The possibility of failure
A fascinating essay by Bryan Appleyard in The Sunday Times Magazine argues two things:
- Human civilization is facing unprecedented crises;
- the pace of innovation has long been slowing, and we may not be able to think our way out of this one.
But that woefully oversimplifies the piece. I encourage you to read the whole thing.
It reminded me of something that’s been on my mind lately. To wit:
The products of human society — machines, institutions, aggregate knowledge — have grown enormous, and enormously powerful, powerful enough to reshape the very life-support systems of the planet. They’ve left no corner of the globe untouched; they are inescapable. They’ve grown to the point where no person or set of persons can possibly hope to comprehend or control them.

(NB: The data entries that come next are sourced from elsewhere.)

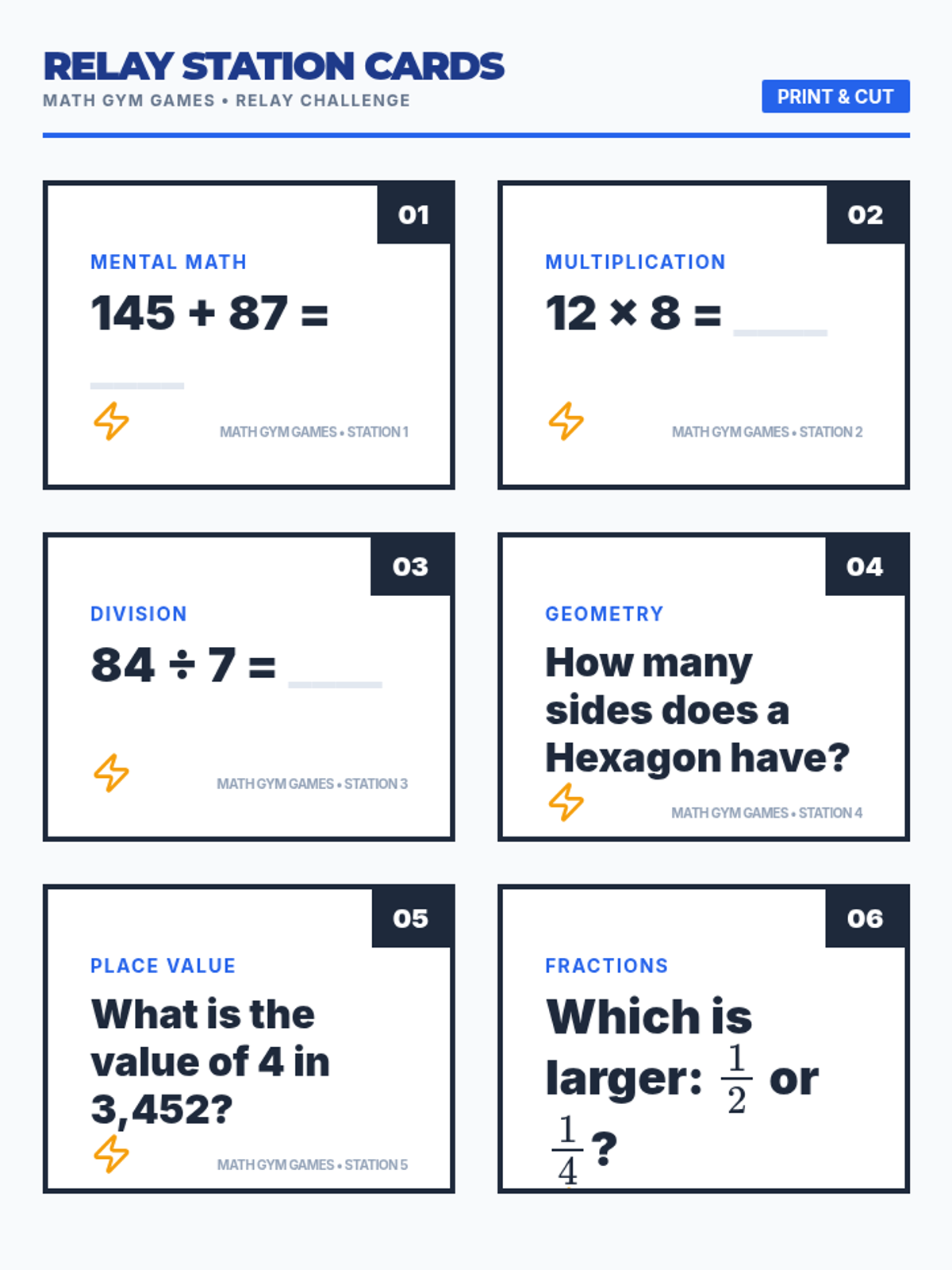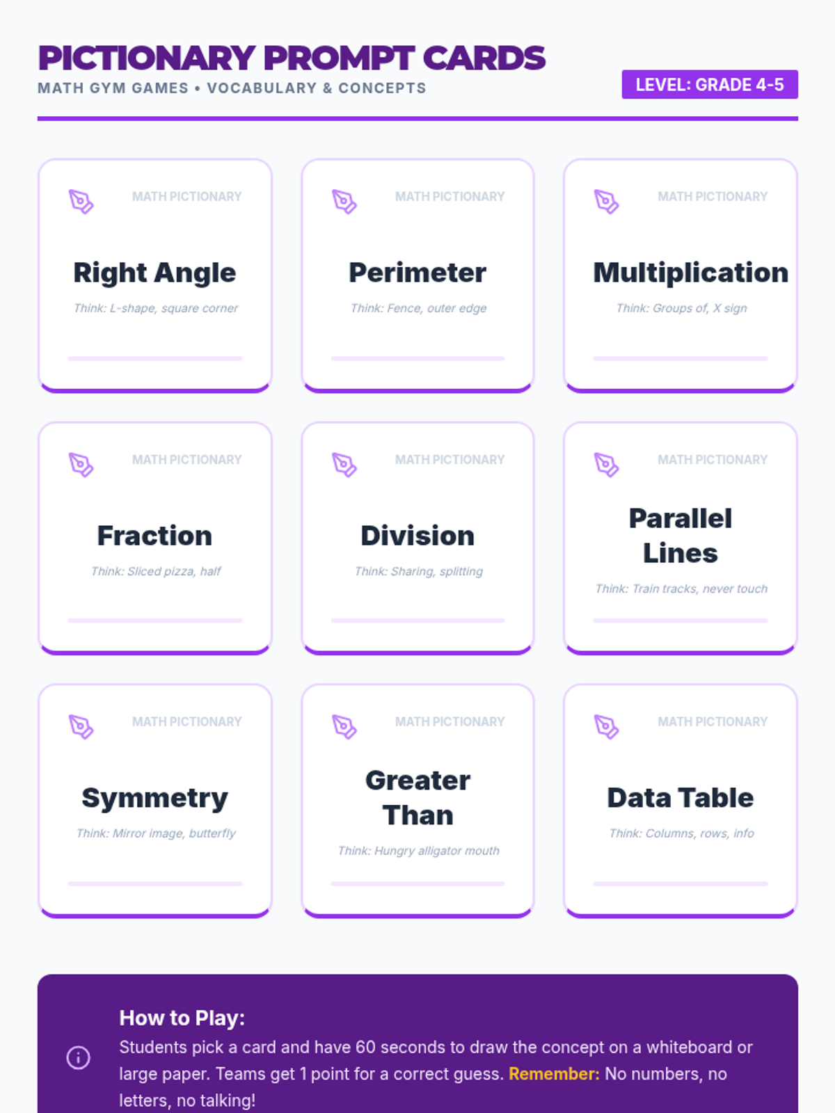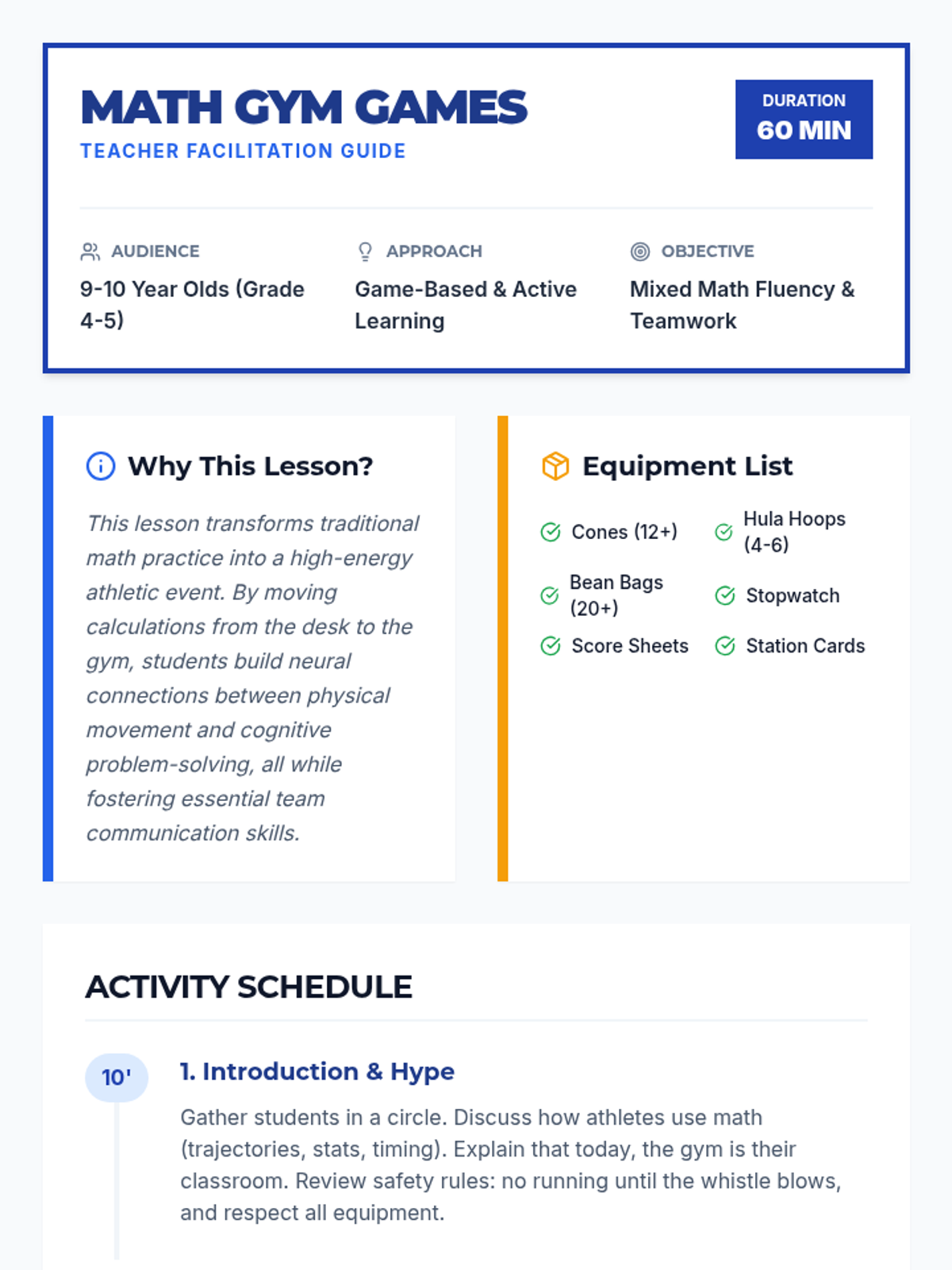 An active, gym-based lesson for 9-10 year olds that combines physical activity with math challenges. Students participate in relay races, obstacle courses, and math pictionary to reinforce addition, multiplication, and problem-solving skills.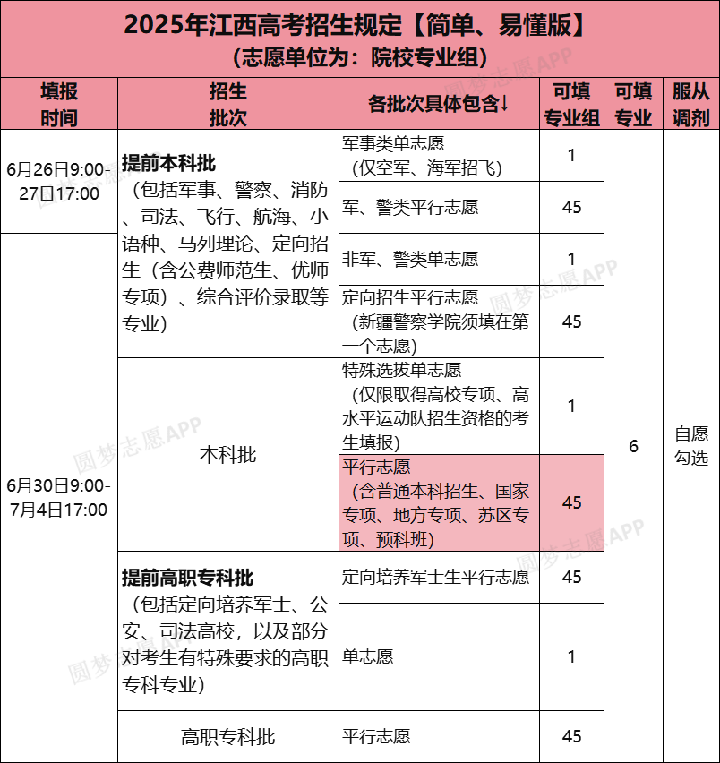 2026年江西新高考志愿填报采用“院校专业组”模式,本科批次设置45个平行志愿,专科批次同样设置45个平行志愿,每个专业组内可选6个专业。这一改革为考生提供了更广阔的选择空间,但也对志愿填报策略提出了更高要求。
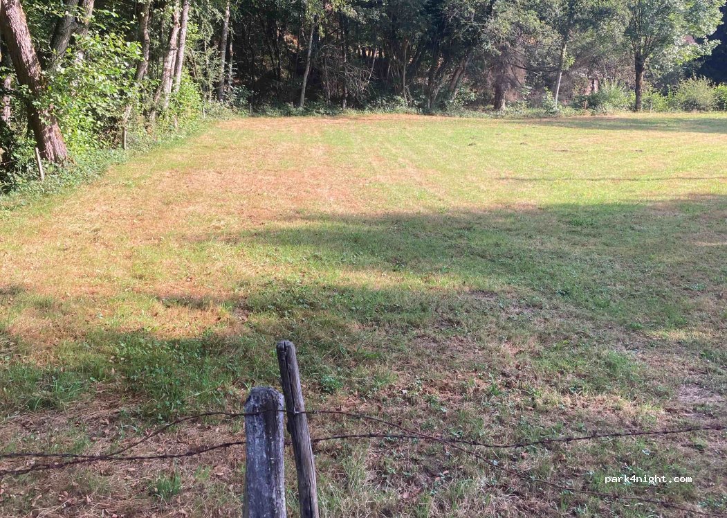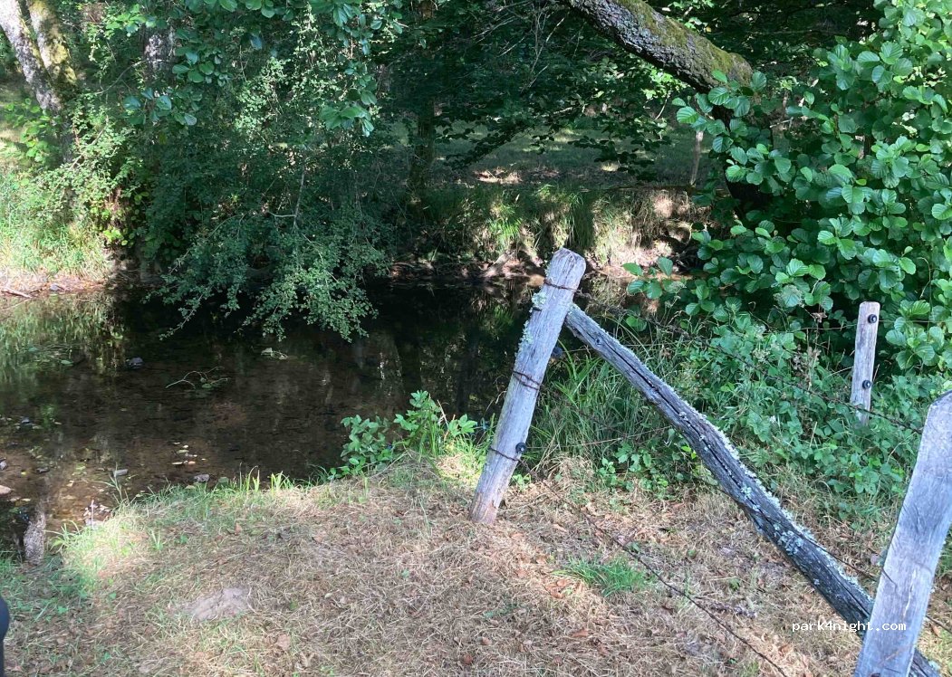 Small parking lot next to the entrance to a field on the edge of a watercourse. Chemin de Saint Victor. Difficult access for large vehicles: large descents and tight bends but the detour is worth it.

And yet we humans … we’re the same. We’re the same fleshy, grubby creatures that descended from the trees to chase game across the African savanna. Despite our vaunted "reason," we are in fact a bundle of biochemical reactions, gut instincts, evolutionary impulses that haven’t changed in millennia. We fight for territory and status and envy those who have it. We fear that which we don’t understand. We limit our attention to that which lies in a fairly narrow spatial and temporal range — the range that is immediately relevant to our personal reproductive chances. That which is far away in space or time, we have difficulty keeping before our minds.
We are animals.
This dichotomy — the unfathomable power of our institutions vs. the flawed frailty of our physical beings — has grown more and more glaring, particularly in the last century. We tend to think that by designing better and better institutions, we can better and better reign in our leftover evolutionary fight-or-flight quirks.
But the inverse seems just as likely to me: that our flawed, fleshy, irrational humanity sends the power of our institutions crashing down on our heads, taking out a large chunk of the biosphere along with us.
There’s no guarantee against failure and extinction. Indeed, they are the rule.